Just a few years ago, no CPU had 64 cores. Having 6 cores and 12 threads was amazing. There was the Xeon Phi though. Way back in 2006 Intel started it’s Larrabee project, eventually releasing the Intel Many Integrated Core prototype in 2010. According to Wikipedia, this processor had 32 cores and supported 4 threads per core, but it ran at 1.2GHz. Fast forward to Q4 2017 and the last Xeon Phi’s were released, the fastest of which was the 7295 with 72 cores running at 1.5GHz and a 320W TDP. One thing that the Phi’s have is AVX-512, i.e. 512 bit vectorised floating point operations. AMD’s EPYC CPUs only have AVX2 support, which uses 256 bit vectorised operations. I do find it ironic that AMD is now winning the core-count race, even though Intel took the first stab at it. If Intel had focussed instead on a general purpose CPU with 32 cores back in 2010, even if it ran at slower clock speeds than other CPUs of the time, they could have been miles ahead today.
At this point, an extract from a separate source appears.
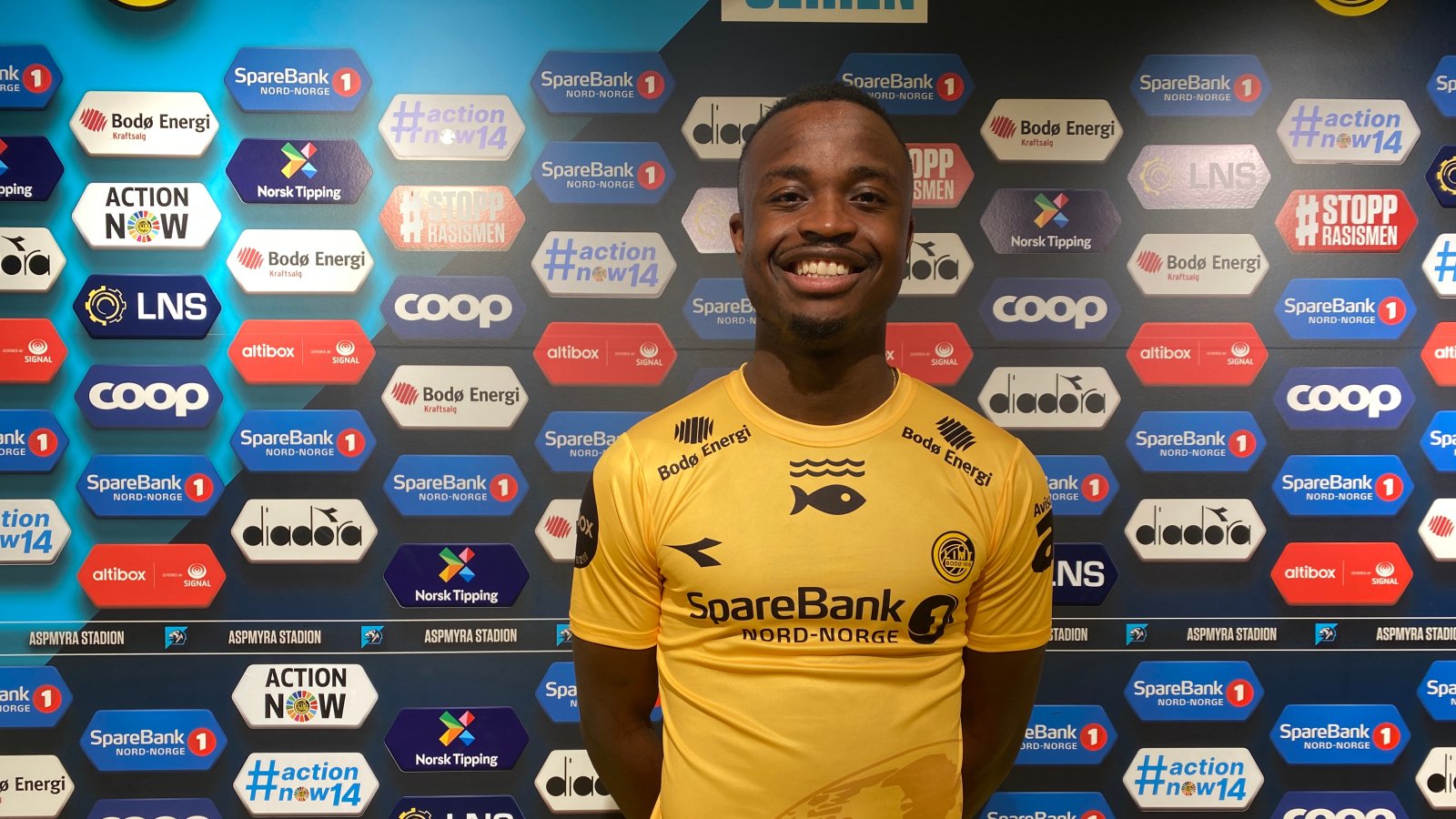 – Dette blir et bra steg for meg. Jeg tror dette kommer til å passe meg veldig bra. Jeg har snakket med Kjetil om hvilken type fotball vi spiller, og det blir bra for meg å få spille den fotballen jeg selv liker å spille, sier Wembangomo på sin første dag som Bodø/Glimt-spiller.

So, how fast, theoretically, is the top Rome CPU, the 7H12, compared to a Xeon Phi? For the Rome CPU, several sites state that the architecture is capable of 16 floating point operations per clock cycle (see here and here). Therefore, 64 cores times 16 floating point operations times a base clock speed of 2.6GHz gives 2662.4 GFLOPS. While I would have liked to compare against the Xeon Phi 7295, there isn’t a lot of information about its floating point speed. The last Xeon Phi for which such info is readily available is the 7290, which achieves 3456 GFLOPS and it seems like the 7295 is supposed to be similar, but with additional instructions geared towards machine learning.
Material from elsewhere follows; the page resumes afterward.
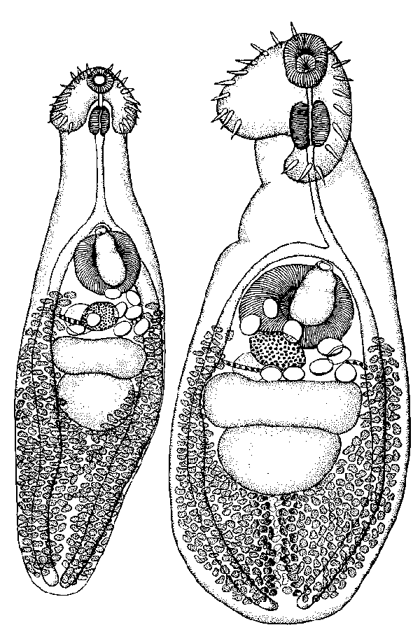 Длинный лауреров канал содержит в своей внутренней части сперматозоиды, тогда как наружная его часть очень узкая и, по-видимому, лишена наружного отверстия; его концевая часть располагается непосредственно дорзально от левого кишечного ствола.

So, AMD has now advanced to the point of having a CPU that is 77% of the speed of the fastest Xeon Phi’s. While I was expecting this to happen eventually, I wasn’t expecting it to be AMD and AMD got there a lot sooner than I expected. Of course, now one could by a dual processor AMD system that beats the Xeon Phi. Since EPYC is a normal CPU, it’s able to accelerate any multithreaded or parallel processing software, rather than requiring recompiling for the Xeon Phi (which I don’t think would support Python). Well done AMD.